After reviewing the former president’s last six available tax records, the committee issued a report finding that the IRS did not audit the returns for Trump’s first two years in office, only starting to do so after receiving a letter from Committee Chair Richard E. Neal (D-Mass.) on April 3, 2019. On that date, the IRS notified Trump that his tax year 2015 return was selected for examination.
So far, none of the audits has been completed.
“The designated [IRS] agents found that there was only one mandatory audit started and none completed during his four years in office. Clearly, the mandatory audit program was dormant, at best, during the prior Administration,” the report read. “The former President’s individual income tax returns filed in 2018, 2019, and 2020 were not selected for examination until after he left office and only the 2016 tax return was subject to a mandatory examination.”
Mandatory audits of presidents began in 1977, after the administration of Richard M. Nixon. The committee report recommended requiring the IRS to conduct mandatory audits while a president is in office and to publicly disclose related information, to revise its associated procedures and to provide adequate resources to conduct such audits.

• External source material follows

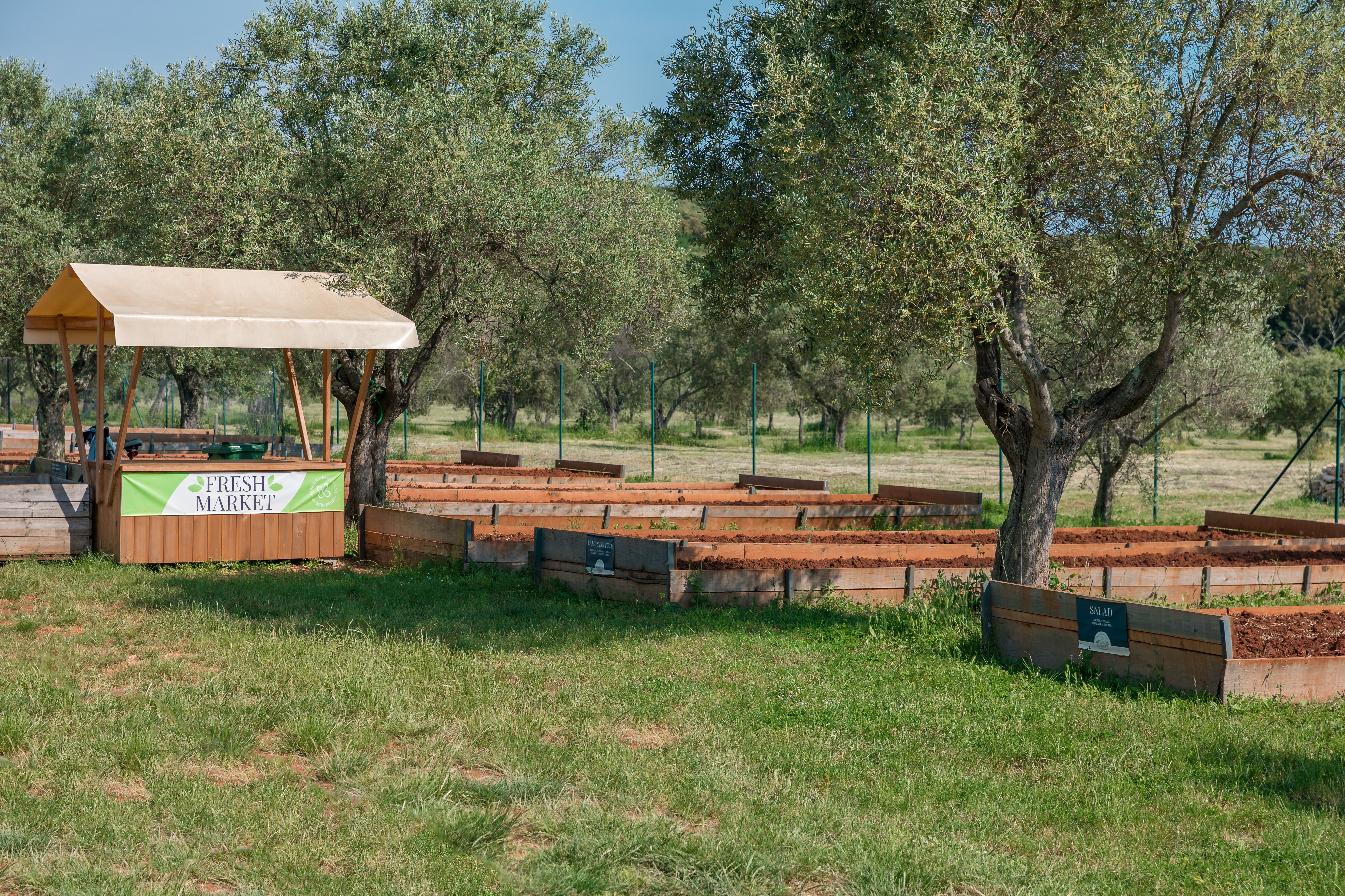 - Schatten spendende Oliven- & Eukalyptusbäume
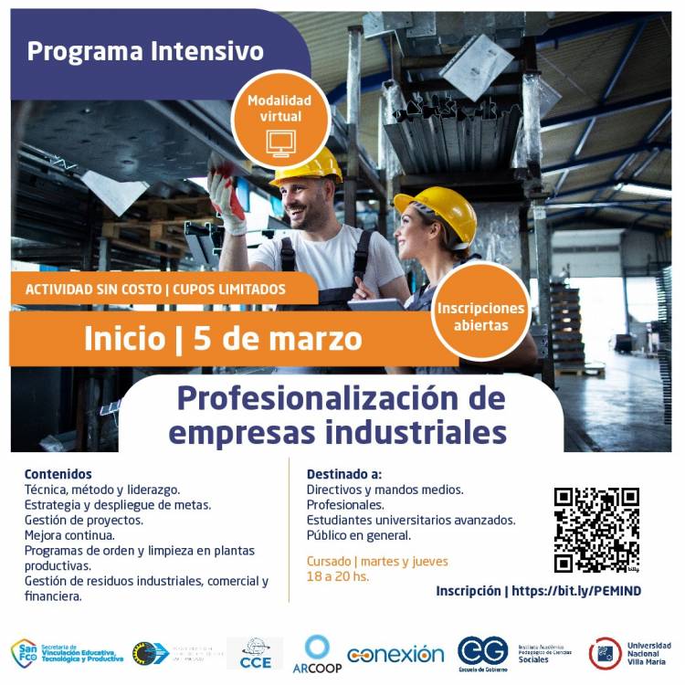 La tercera de las propuestas contempladas en este convenio tiene que ver con dictado de un programa intensivo de *Profesionalización para Empresas Industriales*, que será sin costo, con modalidad virtual, orientada a directivos y mandos medios, profesionales, estudiantes avanzados y público en general. El mismo dará comienzo el 5 de marzo, donde se abordarán temas referidos a técnica, Método y liderazgo, Estrategias y despliegue de metas, Gestión de proyectos, Mejora continua, Programa de orden y limpiezas en plantas productivas, gestión de residuos industriales, comercial y financiera.

“I’ve proposed legislation to put the program above reproach,” Neal said in a statement. “Ensuring IRS conducts yearly, timely examinations while publicly disclosing certain information.”
The nonpartisan Joint Committee on Taxation reported that Trump paid $1.1 million in federal income taxes in his first three years as president, and none in 2020 as his income dropped. According to the New York Times, Trump conveyed that he made hundreds of millions of dollars a year yet incurred chronic losses. He then aggressively employed those losses to avoid paying taxes. The committee is expected to release his actual tax returns in a few days, the Times reported.
The Times had previously analyzed some of Trump’s tax records. Those records revealed that Trump's financial situation was very different from what he claimed it to be, the Times reported.